Comment by fdr

14 hours ago

I use beads quite a bit, but not as steve intended. And definitely the opposite of "Gas Town," where I use the note-taking capability and integration with Git (that is, as something of a glorified Makefile and database) to debug contexts, to close the loop and increase accuracy over time. Nevertheless, it has been useful for large batch runs over my code base: the record has been processing for thirty hours straight while getting something useful, and enough trace data to make further improvements.

Steve has gone "a bit" loopy, in a (so far) self aware manner, but he has some kind of insight into the software engineering process, I think. Yet, I predict beads will break under the weight of no-supervision eventually if he keeps churning it, but some others will pick up where he left off, with more modest goals. He did, to his credit, kill off several generations of project before this one in a similar category.

His latest post is endorsing a crypto exchange because they paid him $50k.

https://steve-yegge.medium.com/bags-and-the-creator-economy-...

  • I’m pro LLM and use them, but crikey: if they’re so good at code why aren’t these people with all the attention, branding, and connections in the world unable to capitalize them?

    I believe Google that uses their internal Gemini trained on their internal infrastructure to generate boiler plate and insights for older, less mature, code in one of the worlds biggest and most complicated anythings, ever. But I don’t see them saying anything to the effect of “neener neener, we’re using markov chains so 10x our stock ‘cause of the otherwise impossible face melting Google Docs 2026.”

    OpenAI is chasing ads, like Reddit, to regurgitate Reddit content. If this stuff is worth the squeeze I need to see the top 10 LLM-fluencers refusing to bend over for $50K. The opposite is on display.

    So hypotheses: Google’s s-tier geniuses and PMs are already expressing the mature optimum application. No silver bullets, more gains to be had ditching bad tech and extraneous vendor entanglements (copilot, 365).

  • That entire article sounds like my friends who think AI is real and keep sending their parents money into crypto scams.

    I think I’ll just develop a drinking problem if this is Gas Town becomes something real in the industry and this kind of person is now one of our thought leaders.

To be fair, he's always been a little loopy. At least, I think this post of his was loopy: https://steve-yegge.blogspot.com/2007/06/that-old-marshmallo...

It was also one of my favorite posts of his and has aged incredibly well as my experience has grown.

  • that's one reason I am less worried about him than some, although, I don't want to say that only to have something bad happen to him, that is, a form of complacency. Just because (say) Boltzmann and Cantor had useful insights along the way didn't mean people shouldn't have been looking to support them.

> but some others will pick up where he left off, with more modest goals

Already happening :-) https://github.com/Dicklesworthstone/beads_rust

  • the main area I'd like to see some departure from beads is to use markdown files (or something) to be able to see the issue context/comments better in a diff generated by git.

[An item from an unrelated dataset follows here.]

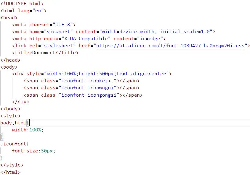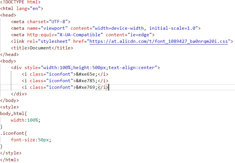 使用在线iconfont的前提是先在head标签里面引入样式文件,在Iconfont里面找到在线链接:
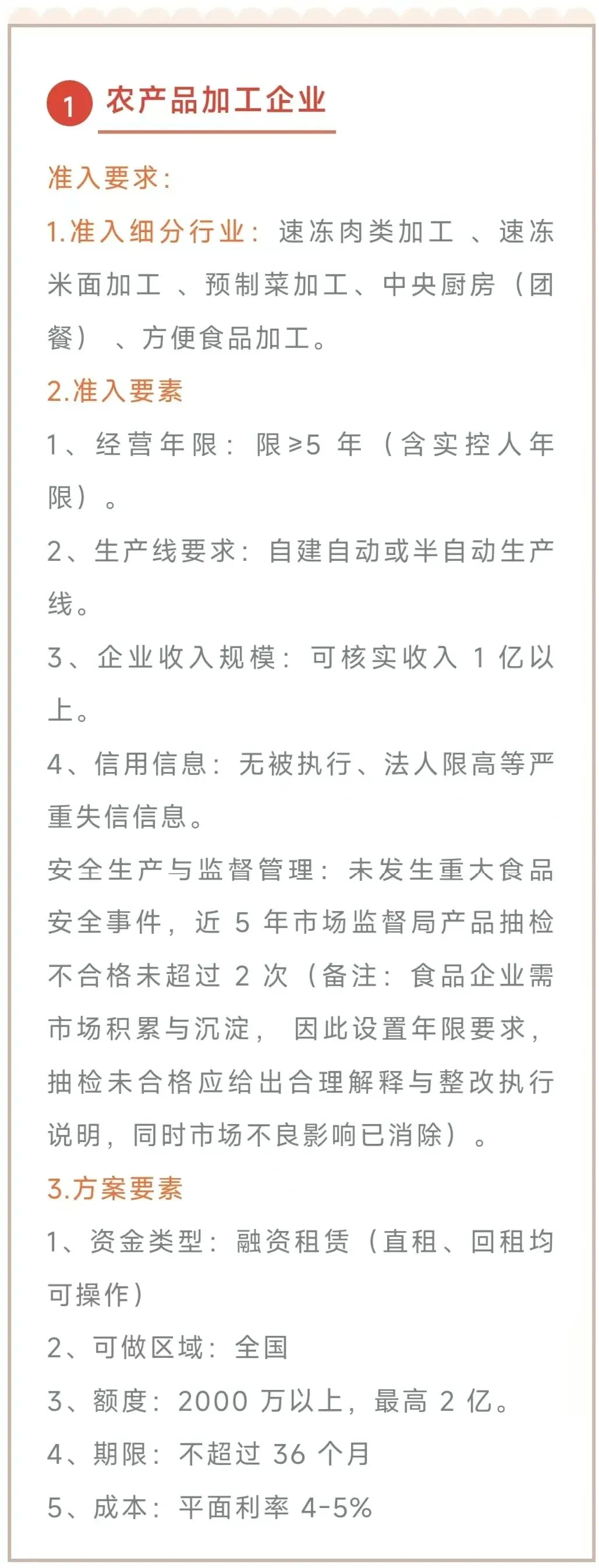 •代采控货融资:企业入准营收要求10000万以上,原材料为大宗流通品,如有色金属、不锈钢、铅、钨、锰,塑料,牛猪肉冻品,农副产品小麦玉米大米,纺织品布线绒等等加工企业,可以采用代采+厂区控货模式。

    The other area I'd like to see some software engineering thinking that's more open ended is on regression testing: ways of storing or referencing old versions of texts to see if the agent can complete old transformations properly even with a context change that patches up a weakness in a transformation that is desirable. This is tricky as it interacts with something essential in software engineering, the ability to run test suites and responding to the outcome. I don't think we know yet when to apply what fidelity of testing, e.g. one-shot on snippets versus a more realistic test based on git worktrees.

    This is not something you'd want for every context, but a lot of my effort is spent building up prompt fragments to normalize and clean up the code coming out of a model that did some ad-hoc work that meets the test coverage bar, which constrains it decently into having achieved "something." Kind of like a prototype. But often, a lot of ungratifying massaging is required to even cover the annoying but not dangerous tics of the LLM, to bring clarity to where it wrote, well, very bad and unprincipled code...as it does sometimes.

  • I was disappointed to see that this is still 10x the code needed for the feature set and that it still insists on duplicating state into a SQLite index for such minuscule amounts of data.

    I've seen 25-30 similar efforts to make a Beads alternative and they all do this for some reason.